Raw data:
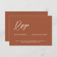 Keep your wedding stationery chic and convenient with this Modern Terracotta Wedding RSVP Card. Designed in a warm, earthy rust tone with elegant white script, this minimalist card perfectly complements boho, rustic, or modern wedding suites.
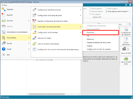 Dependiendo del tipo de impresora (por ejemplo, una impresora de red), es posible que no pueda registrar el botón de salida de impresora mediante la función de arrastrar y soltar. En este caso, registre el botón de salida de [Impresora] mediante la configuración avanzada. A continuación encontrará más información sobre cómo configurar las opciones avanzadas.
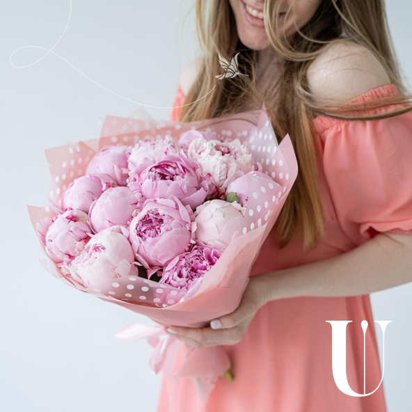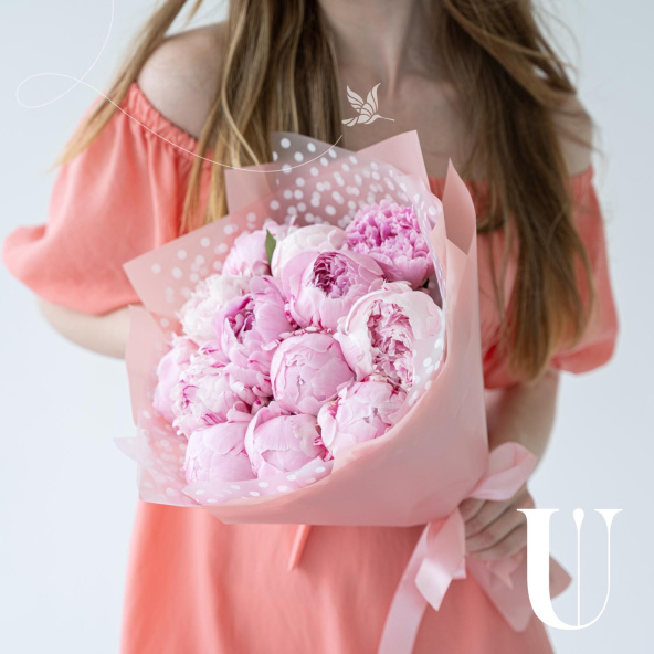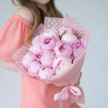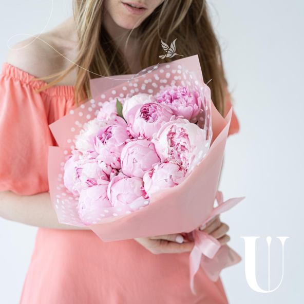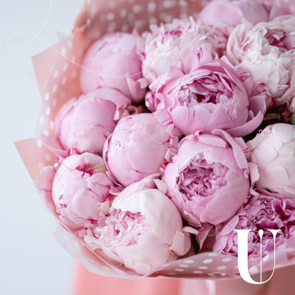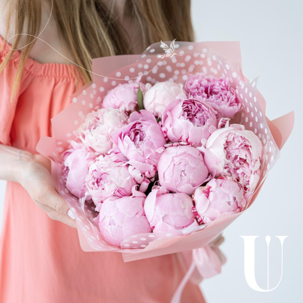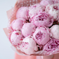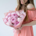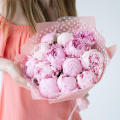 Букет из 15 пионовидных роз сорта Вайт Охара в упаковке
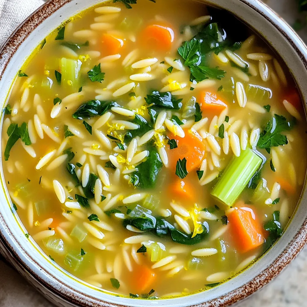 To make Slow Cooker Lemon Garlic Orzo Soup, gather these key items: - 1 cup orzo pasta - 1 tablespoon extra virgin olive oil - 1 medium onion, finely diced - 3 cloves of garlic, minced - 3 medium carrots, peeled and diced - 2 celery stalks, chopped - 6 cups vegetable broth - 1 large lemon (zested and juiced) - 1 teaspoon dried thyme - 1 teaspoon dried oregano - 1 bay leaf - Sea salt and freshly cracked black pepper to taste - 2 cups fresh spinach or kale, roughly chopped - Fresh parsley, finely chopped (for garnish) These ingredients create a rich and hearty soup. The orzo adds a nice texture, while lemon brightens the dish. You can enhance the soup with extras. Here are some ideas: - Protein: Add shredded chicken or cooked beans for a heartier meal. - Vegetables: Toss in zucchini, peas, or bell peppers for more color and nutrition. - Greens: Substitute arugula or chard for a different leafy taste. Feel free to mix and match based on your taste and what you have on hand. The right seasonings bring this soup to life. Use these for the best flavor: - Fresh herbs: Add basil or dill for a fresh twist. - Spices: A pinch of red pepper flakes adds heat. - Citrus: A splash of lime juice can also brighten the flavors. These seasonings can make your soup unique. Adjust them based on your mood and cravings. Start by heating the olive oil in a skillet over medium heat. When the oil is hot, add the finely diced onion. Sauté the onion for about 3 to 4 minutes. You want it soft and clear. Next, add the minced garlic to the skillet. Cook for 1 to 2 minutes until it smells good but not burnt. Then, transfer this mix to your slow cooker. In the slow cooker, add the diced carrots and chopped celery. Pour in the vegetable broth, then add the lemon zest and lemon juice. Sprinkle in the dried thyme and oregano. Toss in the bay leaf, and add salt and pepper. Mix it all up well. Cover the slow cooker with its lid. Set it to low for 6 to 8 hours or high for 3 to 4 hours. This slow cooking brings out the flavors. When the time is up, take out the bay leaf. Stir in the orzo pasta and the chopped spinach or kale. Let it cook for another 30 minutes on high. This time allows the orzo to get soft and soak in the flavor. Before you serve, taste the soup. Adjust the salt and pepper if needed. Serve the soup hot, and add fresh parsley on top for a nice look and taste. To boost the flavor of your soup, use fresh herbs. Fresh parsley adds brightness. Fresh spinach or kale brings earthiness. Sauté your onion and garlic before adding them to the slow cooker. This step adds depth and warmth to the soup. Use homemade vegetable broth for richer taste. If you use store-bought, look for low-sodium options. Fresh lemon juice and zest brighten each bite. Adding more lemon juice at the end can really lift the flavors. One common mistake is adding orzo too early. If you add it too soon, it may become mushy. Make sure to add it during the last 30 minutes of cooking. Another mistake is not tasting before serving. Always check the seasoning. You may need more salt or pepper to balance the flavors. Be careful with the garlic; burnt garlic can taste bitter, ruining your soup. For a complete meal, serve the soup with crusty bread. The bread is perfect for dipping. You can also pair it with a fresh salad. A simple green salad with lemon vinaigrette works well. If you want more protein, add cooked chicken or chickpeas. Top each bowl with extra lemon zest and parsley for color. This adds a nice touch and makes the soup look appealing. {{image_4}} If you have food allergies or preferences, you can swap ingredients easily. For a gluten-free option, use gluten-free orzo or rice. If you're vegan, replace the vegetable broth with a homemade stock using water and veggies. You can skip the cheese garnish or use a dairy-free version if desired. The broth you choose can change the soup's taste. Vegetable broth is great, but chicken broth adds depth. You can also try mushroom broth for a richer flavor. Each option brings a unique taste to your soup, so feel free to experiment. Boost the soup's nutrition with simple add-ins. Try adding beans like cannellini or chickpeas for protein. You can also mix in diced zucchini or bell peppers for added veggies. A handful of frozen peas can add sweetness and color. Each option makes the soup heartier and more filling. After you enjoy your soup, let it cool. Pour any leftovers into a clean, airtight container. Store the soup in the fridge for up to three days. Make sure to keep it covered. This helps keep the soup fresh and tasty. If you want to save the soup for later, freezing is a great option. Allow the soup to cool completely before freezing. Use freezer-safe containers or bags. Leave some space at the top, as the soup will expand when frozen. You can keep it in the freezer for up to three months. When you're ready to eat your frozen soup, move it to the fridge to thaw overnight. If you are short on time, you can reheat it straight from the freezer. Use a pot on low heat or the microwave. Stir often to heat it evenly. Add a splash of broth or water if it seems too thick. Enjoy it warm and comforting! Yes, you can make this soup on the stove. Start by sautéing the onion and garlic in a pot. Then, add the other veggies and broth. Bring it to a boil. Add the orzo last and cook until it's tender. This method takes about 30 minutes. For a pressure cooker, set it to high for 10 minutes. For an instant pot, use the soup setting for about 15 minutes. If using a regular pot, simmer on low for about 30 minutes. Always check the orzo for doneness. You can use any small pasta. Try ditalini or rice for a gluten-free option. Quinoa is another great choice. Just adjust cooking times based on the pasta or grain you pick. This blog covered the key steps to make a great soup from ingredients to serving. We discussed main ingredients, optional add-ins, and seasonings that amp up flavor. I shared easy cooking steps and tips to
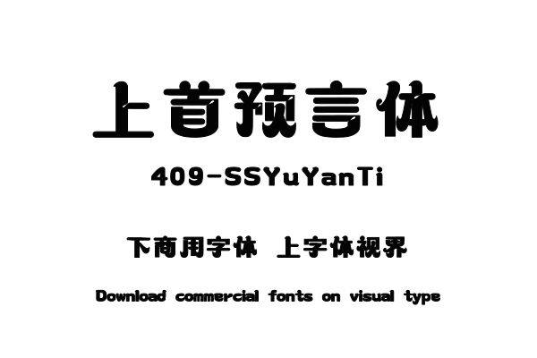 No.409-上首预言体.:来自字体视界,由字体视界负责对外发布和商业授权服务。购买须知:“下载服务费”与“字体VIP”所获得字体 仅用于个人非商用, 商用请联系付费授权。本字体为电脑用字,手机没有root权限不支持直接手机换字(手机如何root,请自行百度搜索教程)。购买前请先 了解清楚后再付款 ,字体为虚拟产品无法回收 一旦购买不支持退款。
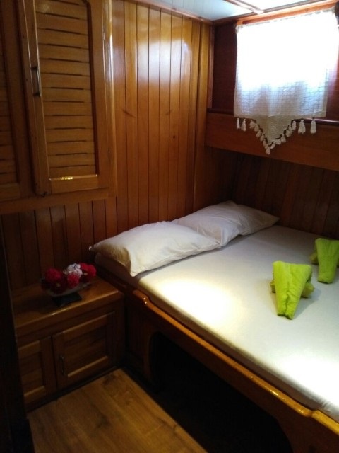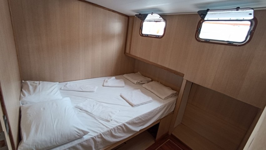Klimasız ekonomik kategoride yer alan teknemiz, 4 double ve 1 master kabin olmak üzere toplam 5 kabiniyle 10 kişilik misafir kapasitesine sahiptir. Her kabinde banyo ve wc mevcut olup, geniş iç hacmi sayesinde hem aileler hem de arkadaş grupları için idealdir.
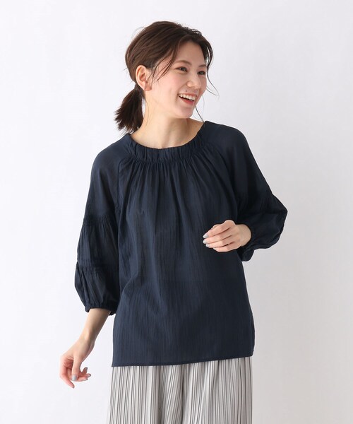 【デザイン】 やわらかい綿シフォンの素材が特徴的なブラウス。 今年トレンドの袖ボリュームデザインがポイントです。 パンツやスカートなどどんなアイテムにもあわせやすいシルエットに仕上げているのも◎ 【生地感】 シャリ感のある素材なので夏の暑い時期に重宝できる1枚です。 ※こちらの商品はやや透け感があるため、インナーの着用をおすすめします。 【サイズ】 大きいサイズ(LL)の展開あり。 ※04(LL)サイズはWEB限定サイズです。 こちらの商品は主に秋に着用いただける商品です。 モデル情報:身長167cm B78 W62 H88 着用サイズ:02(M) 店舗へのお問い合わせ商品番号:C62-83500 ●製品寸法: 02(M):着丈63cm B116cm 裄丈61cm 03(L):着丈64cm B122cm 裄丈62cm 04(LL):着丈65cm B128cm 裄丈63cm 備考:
* * *
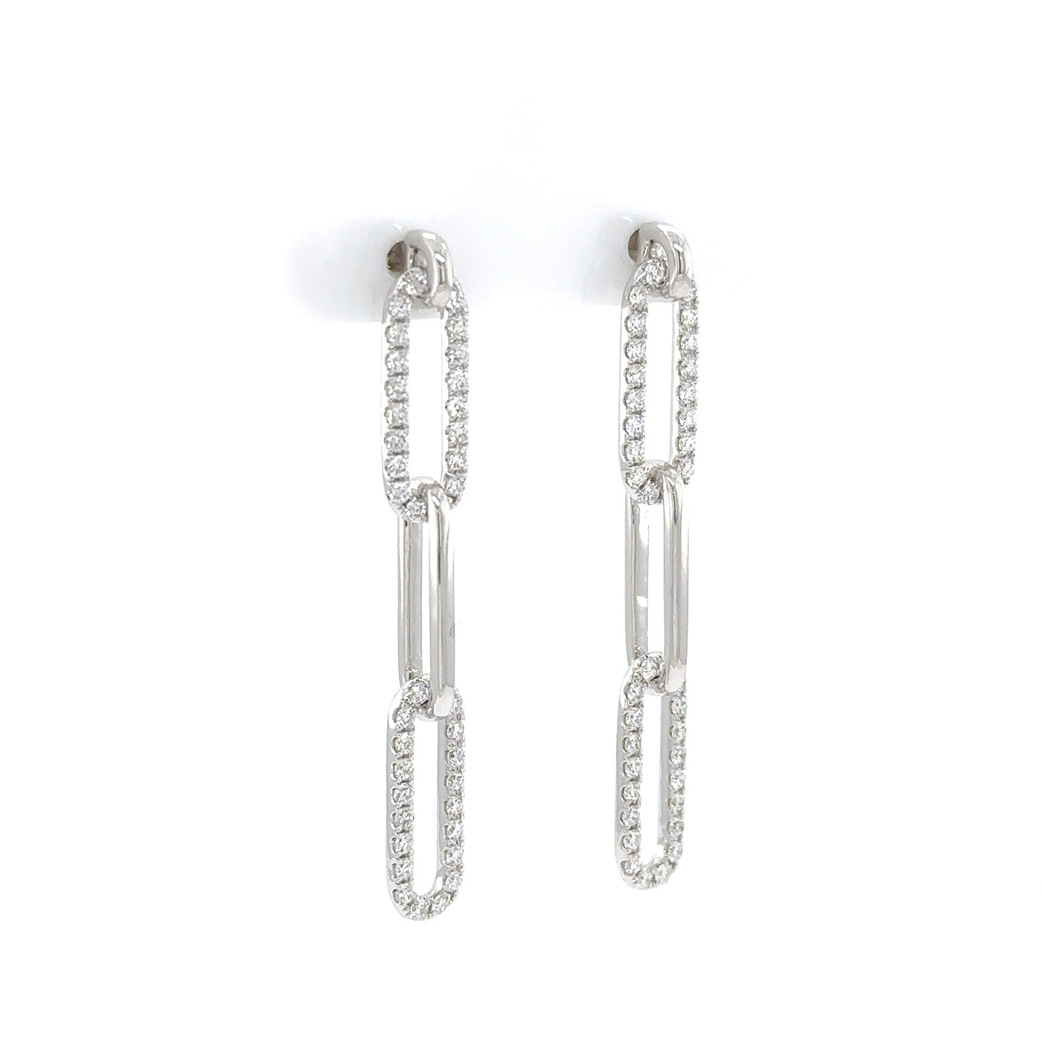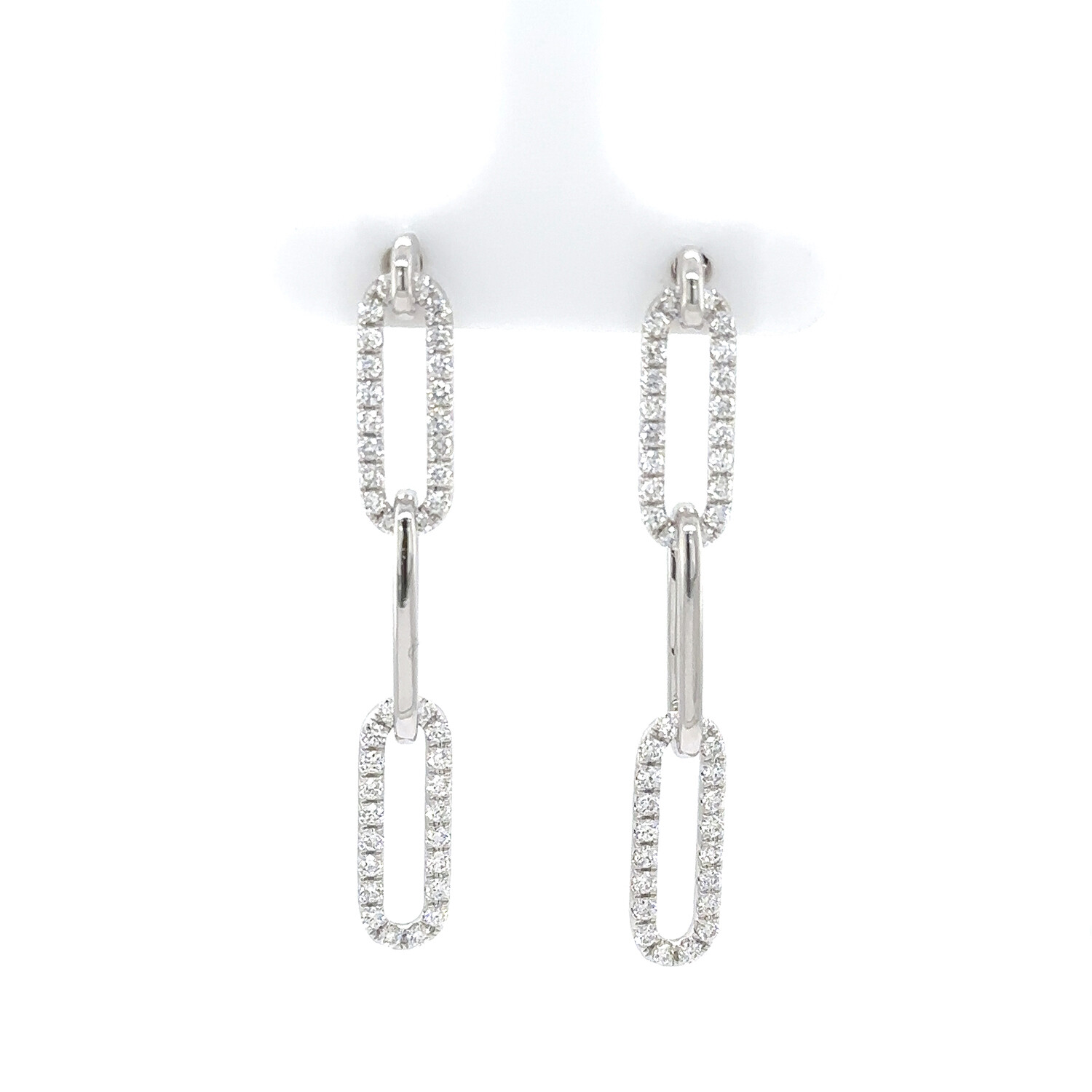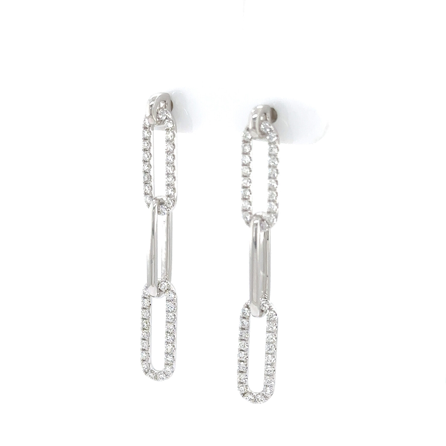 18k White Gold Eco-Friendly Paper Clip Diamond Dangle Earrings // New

Directions for this task:
Although pictures appear among the records above, none are to be output; print exactly the lines from the line containing "Klimasız ekonomik kategoride" through the line containing "大きいサイズ(LL)の展開あり。 ※04(LL)サイズはWEB限定サイズです。 こちらの商品は主に秋に着用いただける商品です。".

Finished task:
Klimasız ekonomik kategoride yer alan teknemiz, 4 double ve 1 master kabin olmak üzere toplam 5 kabiniyle 10 kişilik misafir kapasitesine sahiptir. Her kabinde banyo ve wc mevcut olup, geniş iç hacmi sayesinde hem aileler hem de arkadaş grupları için idealdir.
 【デザイン】 やわらかい綿シフォンの素材が特徴的なブラウス。 今年トレンドの袖ボリュームデザインがポイントです。 パンツやスカートなどどんなアイテムにもあわせやすいシルエットに仕上げているのも◎ 【生地感】 シャリ感のある素材なので夏の暑い時期に重宝できる1枚です。 ※こちらの商品はやや透け感があるため、インナーの着用をおすすめします。 【サイズ】 大きいサイズ(LL)の展開あり。 ※04(LL)サイズはWEB限定サイズです。 こちらの商品は主に秋に着用いただける商品です。 モデル情報:身長167cm B78 W62 H88 着用サイズ:02(M) 店舗へのお問い合わせ商品番号:C62-83500 ●製品寸法: 02(M):着丈63cm B116cm 裄丈61cm 03(L):着丈64cm B122cm 裄丈62cm 04(LL):着丈65cm B128cm 裄丈63cm 備考:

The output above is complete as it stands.